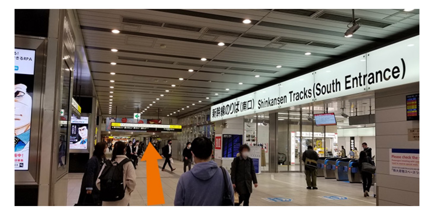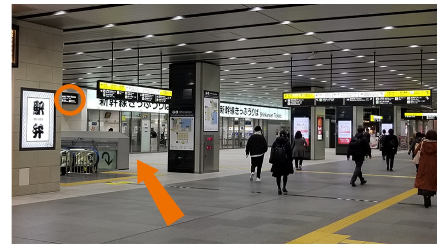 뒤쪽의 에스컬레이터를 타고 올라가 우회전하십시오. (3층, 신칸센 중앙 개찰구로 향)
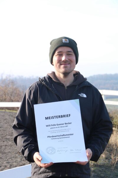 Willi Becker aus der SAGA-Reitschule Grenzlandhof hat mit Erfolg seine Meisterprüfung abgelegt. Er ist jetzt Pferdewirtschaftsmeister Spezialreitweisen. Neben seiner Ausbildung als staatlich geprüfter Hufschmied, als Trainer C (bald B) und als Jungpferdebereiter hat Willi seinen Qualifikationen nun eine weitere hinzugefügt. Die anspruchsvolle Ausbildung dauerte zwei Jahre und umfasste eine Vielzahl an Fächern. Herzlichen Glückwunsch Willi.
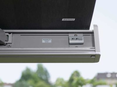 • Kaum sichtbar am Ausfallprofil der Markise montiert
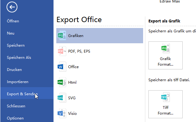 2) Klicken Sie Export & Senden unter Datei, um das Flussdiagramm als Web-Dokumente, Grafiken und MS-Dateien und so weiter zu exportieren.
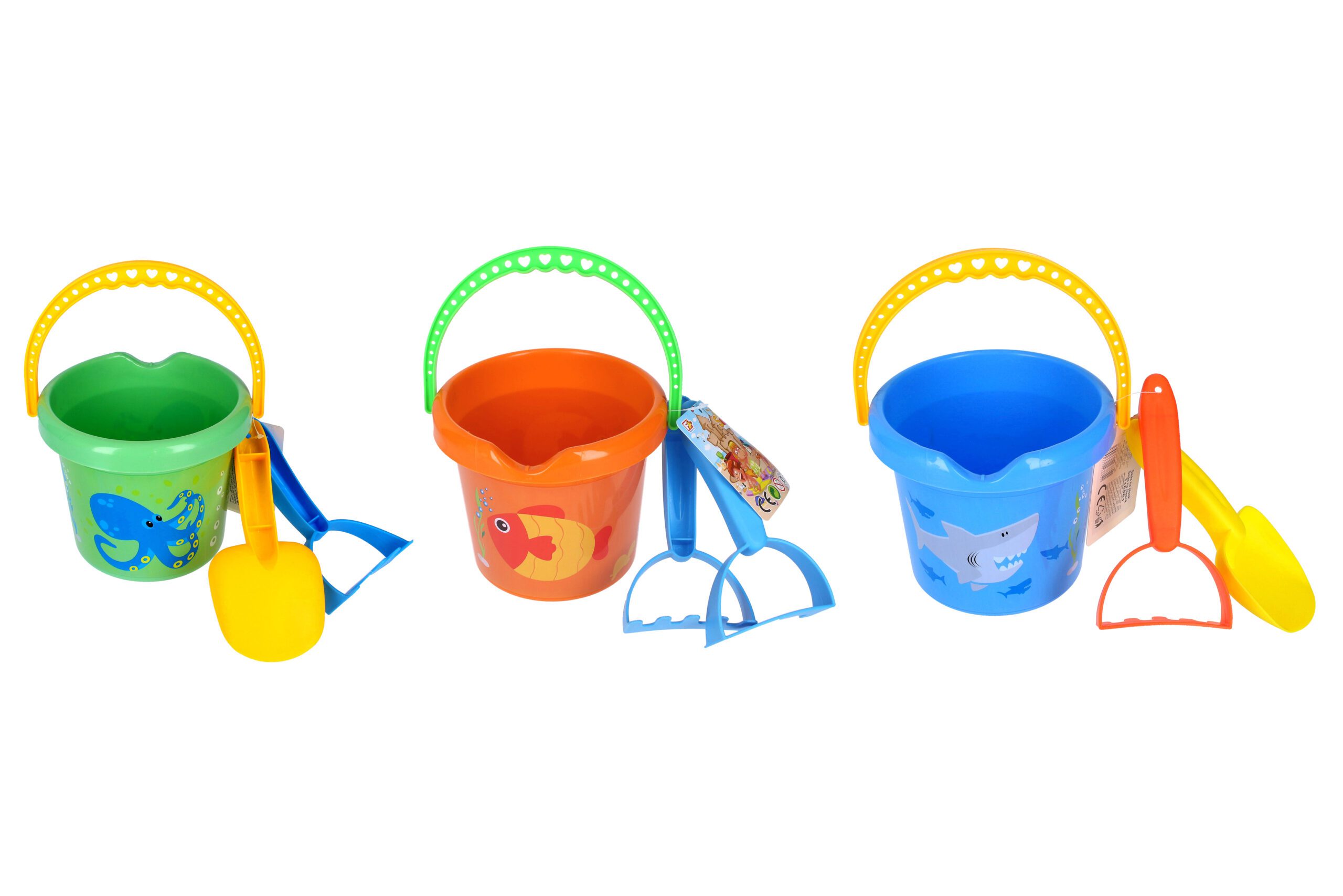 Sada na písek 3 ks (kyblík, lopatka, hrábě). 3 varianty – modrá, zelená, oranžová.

--

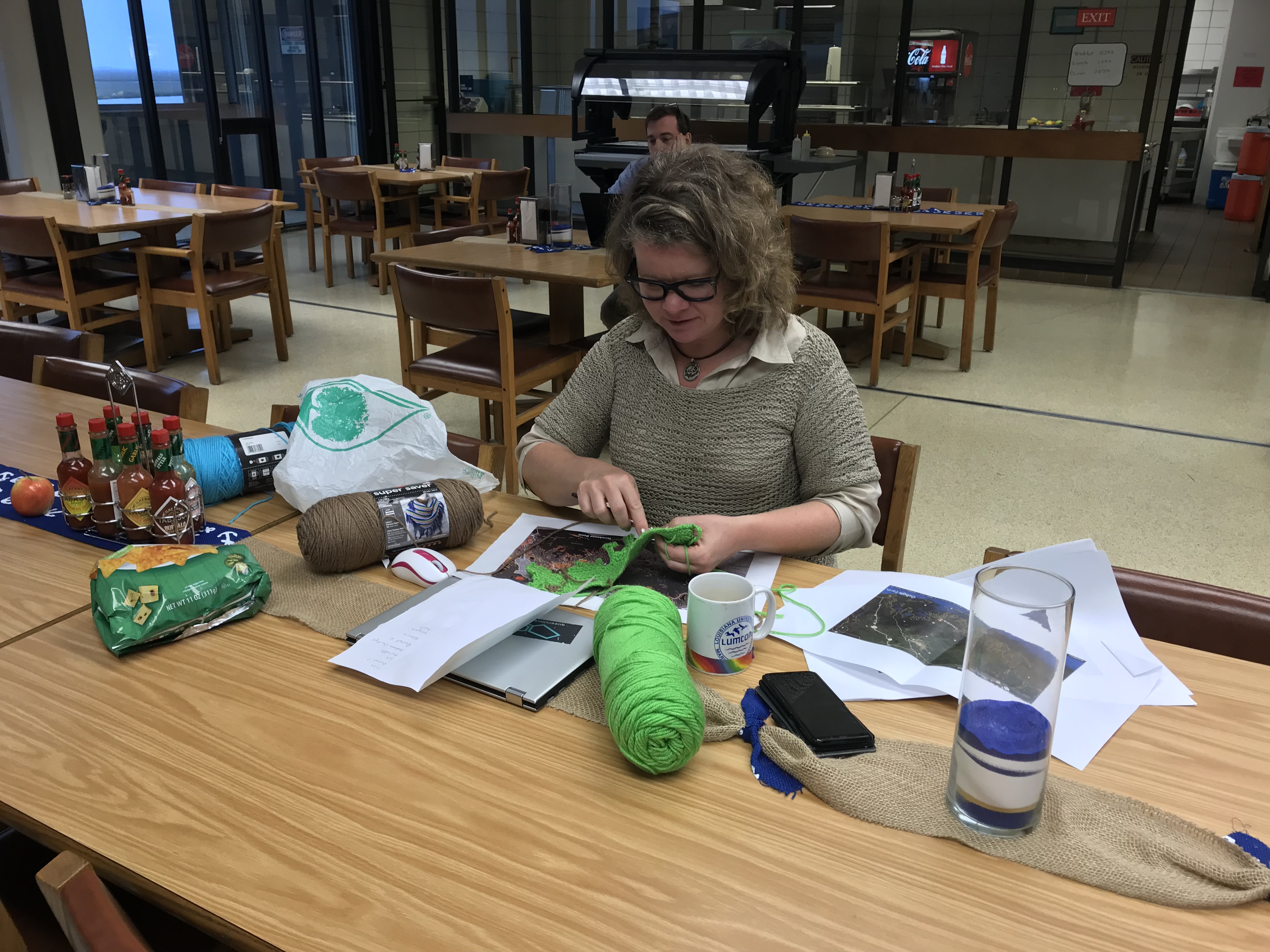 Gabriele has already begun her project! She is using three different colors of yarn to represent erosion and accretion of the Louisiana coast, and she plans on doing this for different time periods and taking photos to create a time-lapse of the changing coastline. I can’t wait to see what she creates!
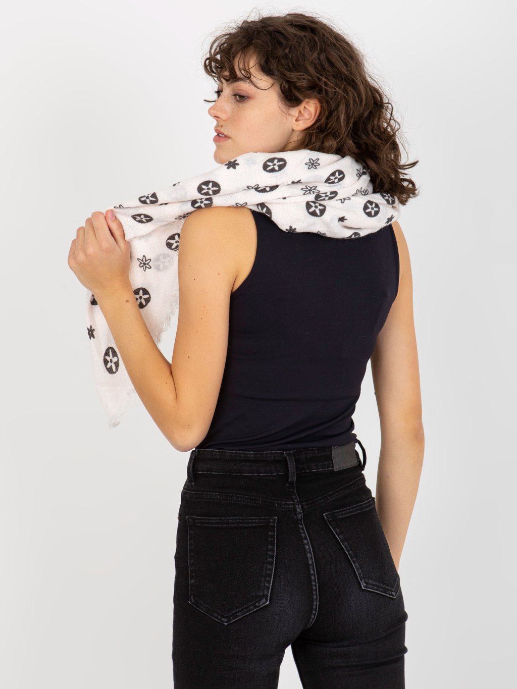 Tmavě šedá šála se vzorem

● **Work instructions**
Would you output the lines above from the line holding "2) Klicken Sie" up to and including the line holding "Sada na písek", exactly and only those, with no pictures?

● **Response**
 2) Klicken Sie Export & Senden unter Datei, um das Flussdiagramm als Web-Dokumente, Grafiken und MS-Dateien und so weiter zu exportieren.
 Sada na písek 3 ks (kyblík, lopatka, hrábě). 3 varianty – modrá, zelená, oranžová.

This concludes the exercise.